• _Extracted records_:
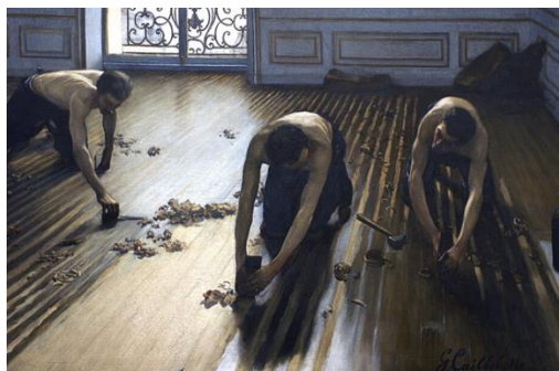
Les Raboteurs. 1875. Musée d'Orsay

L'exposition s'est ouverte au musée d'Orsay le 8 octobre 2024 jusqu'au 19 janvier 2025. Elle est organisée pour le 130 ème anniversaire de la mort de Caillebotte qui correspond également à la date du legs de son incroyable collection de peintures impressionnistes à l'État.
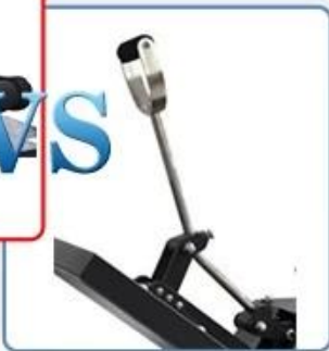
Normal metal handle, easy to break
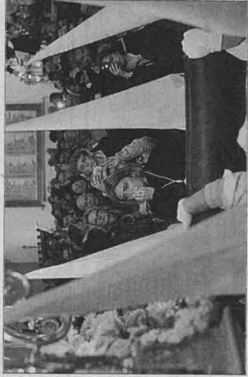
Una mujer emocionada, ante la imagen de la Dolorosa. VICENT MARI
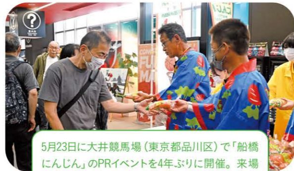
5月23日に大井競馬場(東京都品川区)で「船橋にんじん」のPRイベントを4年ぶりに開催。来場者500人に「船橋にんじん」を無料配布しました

--

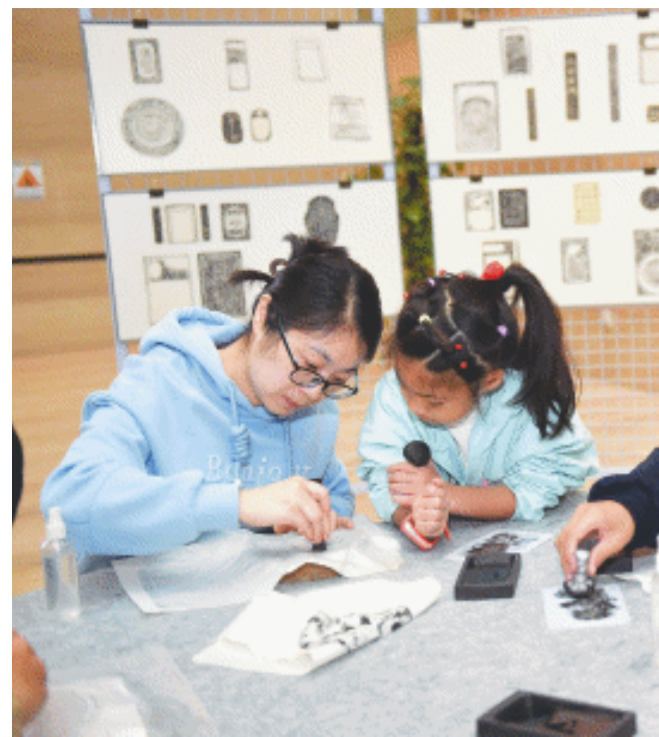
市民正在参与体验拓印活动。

--

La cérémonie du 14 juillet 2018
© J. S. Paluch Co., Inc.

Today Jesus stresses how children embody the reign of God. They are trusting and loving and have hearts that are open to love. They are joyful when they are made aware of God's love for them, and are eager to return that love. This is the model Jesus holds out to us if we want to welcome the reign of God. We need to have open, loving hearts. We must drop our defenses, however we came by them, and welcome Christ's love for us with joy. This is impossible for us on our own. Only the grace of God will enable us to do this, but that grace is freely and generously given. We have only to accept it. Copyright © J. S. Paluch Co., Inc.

• _What the task asks_:
Show a copy of each line from the records above in which the string "Orsay" occurs.

• _Exercise response_:
Les Raboteurs. 1875. Musée d'Orsay
L'exposition s'est ouverte au musée d'Orsay le 8 octobre 2024 jusqu'au 19 janvier 2025. Elle est organisée pour le 130 ème anniversaire de la mort de Caillebotte qui correspond également à la date du legs de son incroyable collection de peintures impressionnistes à l'État.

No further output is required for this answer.